When the crown was set on his head it slipped, and nigh fell on the floor; and this little incident was whispered, then bruited, through England, and was regarded as a token from heaven that he was not the rightful Sovereign, but an usurper.

Then came the punishment of that scoundrel, Titus Oates, richly deserved; but Oates was a popular favourite, and his chastisement raised him to the pedestal of a Protestant martyr.

It was well known that James aimed at the repeal of the Habeas Corpus Act, and at the toleration—even promotion—of Popery, and the country was in fevered agitation and brooding anger at what was menaced.

Such was the condition of affairs in the spring of 1685.

There had been catching weather, a few days of bright sunshine, and then thunder-showers. Then the sky had cleared, the wind was well up to the north, and, though the sun was hot, the air was fresh. It was scented, everywhere except on the moor, with the fragrance of hay.

Julian Crymes was out of doors enjoying the balmy air and the sloping, golden rays of the evening sun. She had some embroidery in her hands; but she worked little at it. Her eyes looked away dreamily at the distant moor, and specially at a little grey patch of sycamores, that seemed—so remote were they—against the silvery moor, to be a cloud-shadow. Behind that grey tuft rose Ger Tor, strewn with granite boulders; and on one side opened the blue cleft of the Tavy, where it had sawn for itself a way from the moor-land into the low country. The dark eyes of the girl were full to spilling—so full that, had she tried to continue her needlework, she would have been unable to see how to make her stitches.

Her breath came short and quick, for she was suffering real pain—that gnawing ache which in its initiation is mental, but which becomes sensibly physical.

Julian had loved Anthony. She loved him still. When he had come that evening of the fair to Kilworthy, her heart had bounded: her head had been giddy with pleasure at seeing him again—above all, at seeing him without his wife. Towards Urith she felt implacable, corroding hatred. That girl—with no merit that she could see, only a gloomy beauty—a beauty as savage as the moors on the brink of which she lived, and on which Anthony had found her—that girl had shaken to pieces at a touch her cloud-castle of happiness, and dissolved it into a rain of salt disappointment.

Anthony was taken from her, taken from her for ever, and her own hopes laid in the dust. Julian had battled with her turbulent heart; her conscience had warned her to forget Anthony, and at times she really felt as if she had conquered her passion.

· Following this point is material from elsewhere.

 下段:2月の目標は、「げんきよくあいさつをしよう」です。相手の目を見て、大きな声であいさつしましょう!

No sooner, however, did she see Anthony again, than it woke up in full strength; and whenever she saw Urith, her jealous rage shook itself and sharpened its claws.

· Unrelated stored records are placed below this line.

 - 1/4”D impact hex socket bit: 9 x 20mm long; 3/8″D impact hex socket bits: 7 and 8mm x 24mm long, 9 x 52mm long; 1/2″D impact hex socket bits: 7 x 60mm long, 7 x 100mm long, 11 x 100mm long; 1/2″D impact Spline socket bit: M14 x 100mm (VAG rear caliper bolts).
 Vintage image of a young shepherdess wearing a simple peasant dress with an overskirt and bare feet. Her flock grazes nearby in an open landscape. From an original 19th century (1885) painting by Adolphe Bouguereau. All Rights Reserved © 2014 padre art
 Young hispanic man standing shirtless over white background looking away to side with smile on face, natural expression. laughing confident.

Her father was away in London, and on the seat beside her lay a letter she had that day received from him. He had written full of uneasiness at the political and religious situation. Recently the Earl of Bath had been down in the West of England with new charters to towns in Devon and Cornwall, constituting new electoral bodies, or altering the former bodies, and a hurried election had ensued, in which great pressure had been used to obtain the return of the Court party, of Catholics and Tories, by intimidation on the one side and by bribery on the other. Mr. Crymes, however, supported by the authority of the Earl of Bedford, had been returned for Tavistock in the Protestant interest, and he was now in London, sitting in the first Parliament summoned by James II.